Patient characteristics
Overall, 22 B-ALL patients who relapsed after allo-HSCT, then received anti-CD19-CAR T-cell therapy were included in this study. The detailed characteristics of the patients are shown in Table 1. The median time from allo-HSCT to relapse was 13 months (IQR 7–15 months). The median proportion of leukemia cells was 44.7% (IQR 32.8–58.4%) in BM and 37.2% (IQR 25.8–45.5%) in the peripheral blood (PB) when patients were enrolled. The median percentage of donor BM chimerism at enrollment was 55.9%(IQR 48.2–71.3%). Patients had no GVHD or central nervous system disease at enrollment. Moreover, patients had not previously received blinatumomab or CD19-CAR T-cell therapy.

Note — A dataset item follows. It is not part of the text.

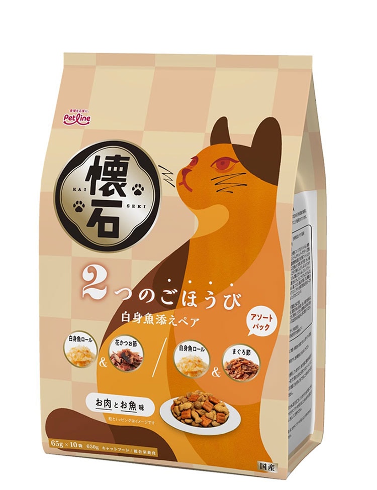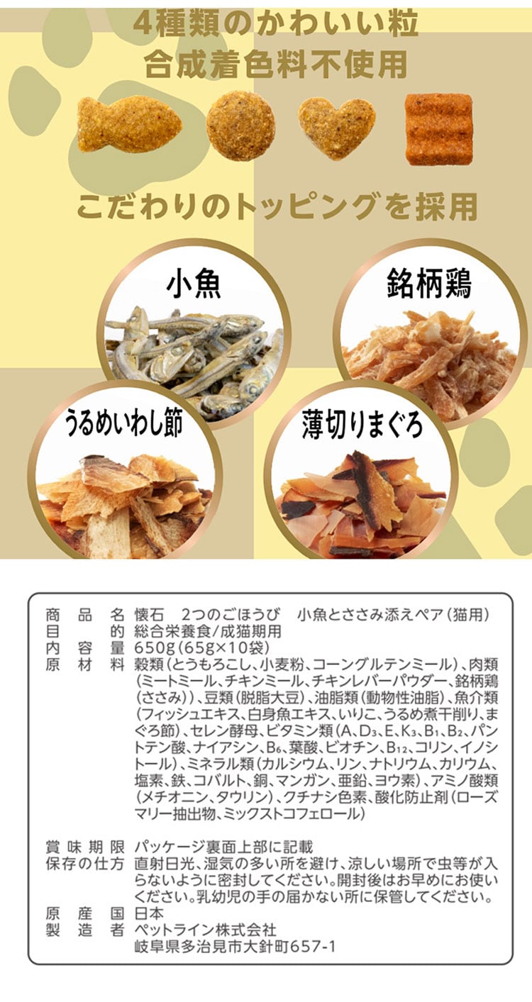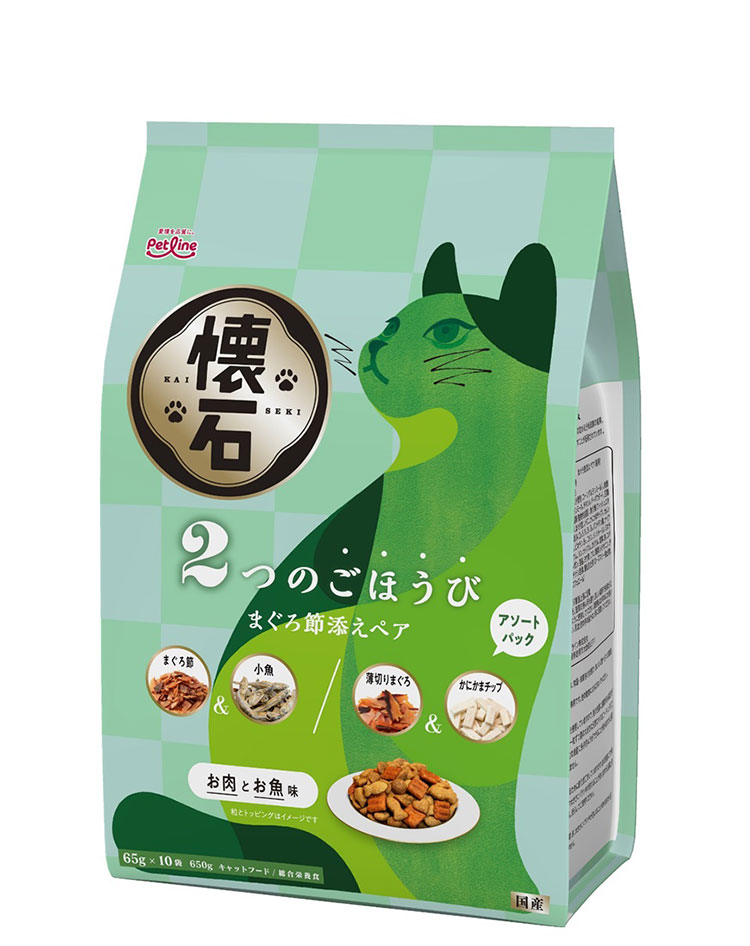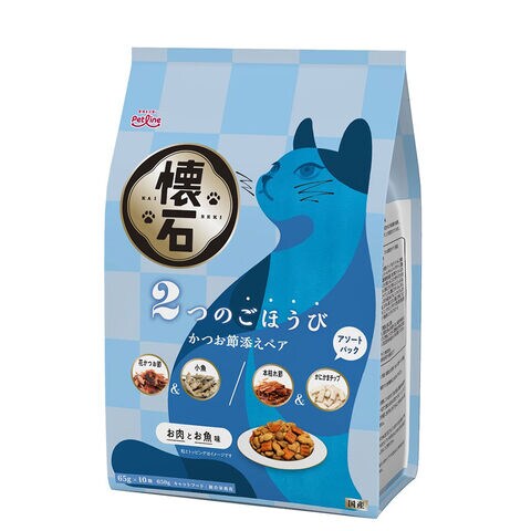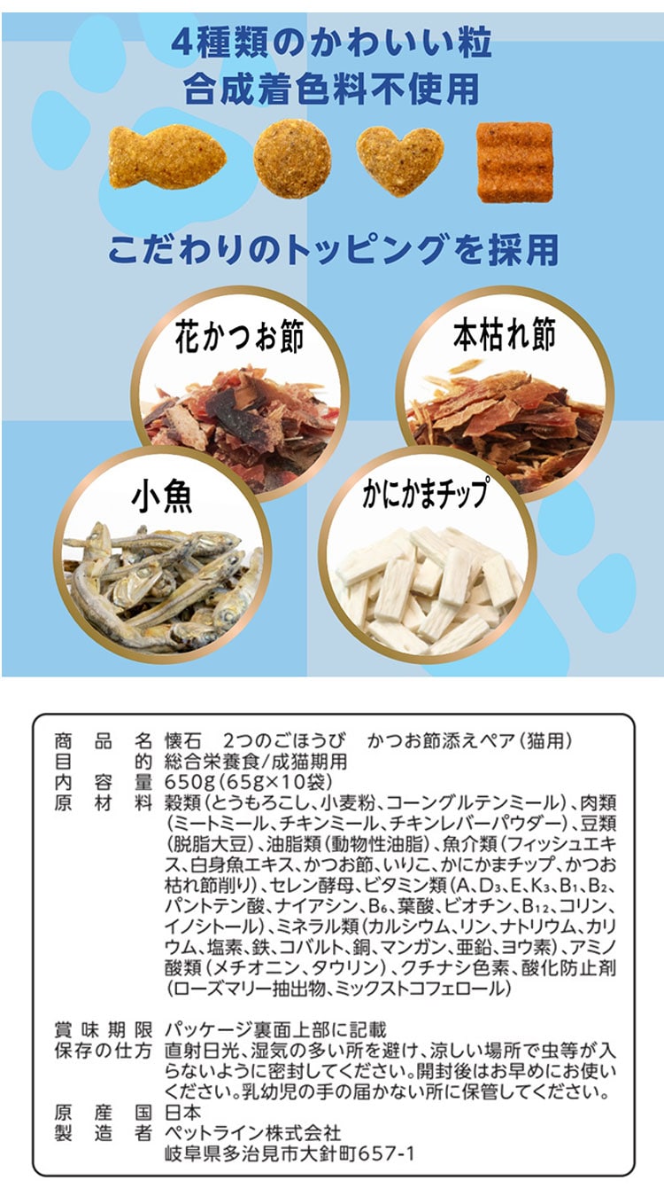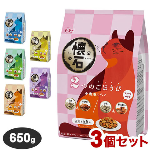 【3個セット】 ペットライン 懐石 2つのごほうび フレーバータイプ 650g x3 1.95kg 国産 日本製 小分けパック 猫用 猫 キャットフード ドライ【送料無料】

Clinical responses and donor chimerism analysis after anti-CD19-CAR T-cell therapy
In the first evaluation of therapy response on day 14 after anti-CD19-CAR T-cell infusion, 19 patients (19/22, 86.4%) achieved CR/CRi. Of these, 6(6/19, 31.6%) achieved CR, and 13 patients (13/19, 68.4%) achieved CRi. Seventeen patients (17/19, 89.5%) achieved minimal residual disease (MRD)-negative responses, whereas two patients were evaluated as CR/CRi with MRD-positive response (PtDSI 5,11).The other three patients were evaluated as NR owing to the progression of leukemia.
After 14 days of anti-CD19-CAR T-cell infusion, the donor chimerism in BM increased from 56.3 ± 22.9% to 99.9 ± 0.2% in the 19 patients who achieved CR/CRi. The donor chimerism in a patient evaluated as NR with extramedullary leukemia was 99.0%, whereas it was 10.7% and 29.2% in the other two patients who were evaluated as NR. Before or after anti-CD19-CAR T- cell therapy, there was no difference in donor chimerism in the DSI and DLI groups (Pbefore=0.056 and Pafter=0.828).
Maintenance therapy with DSI/DLI following the anti-CD19-CAR T-cell therapy
Of the patients achieving CR/CRi, 11 patients (Pt DSI 1-11) who had previously preserved frozen stem cells received DSI, whereas the other 8 patients (Pt DLI 1-8) received unfrozen DLI maintenance therapy. Only one patient (Pt DLI 7) received a second allo-HSCT after DLI. In the DSI group, six patients received one DSI treatment, whereas five received two DSI treatments. In the DLI group, three patients received one DLI treatment, whereas four patients received DLI twice and one patient received DLI thrice. As all patients received DSI/DLI for different times, we only compared the changes in various indicators after the first DSI/DLI therapy.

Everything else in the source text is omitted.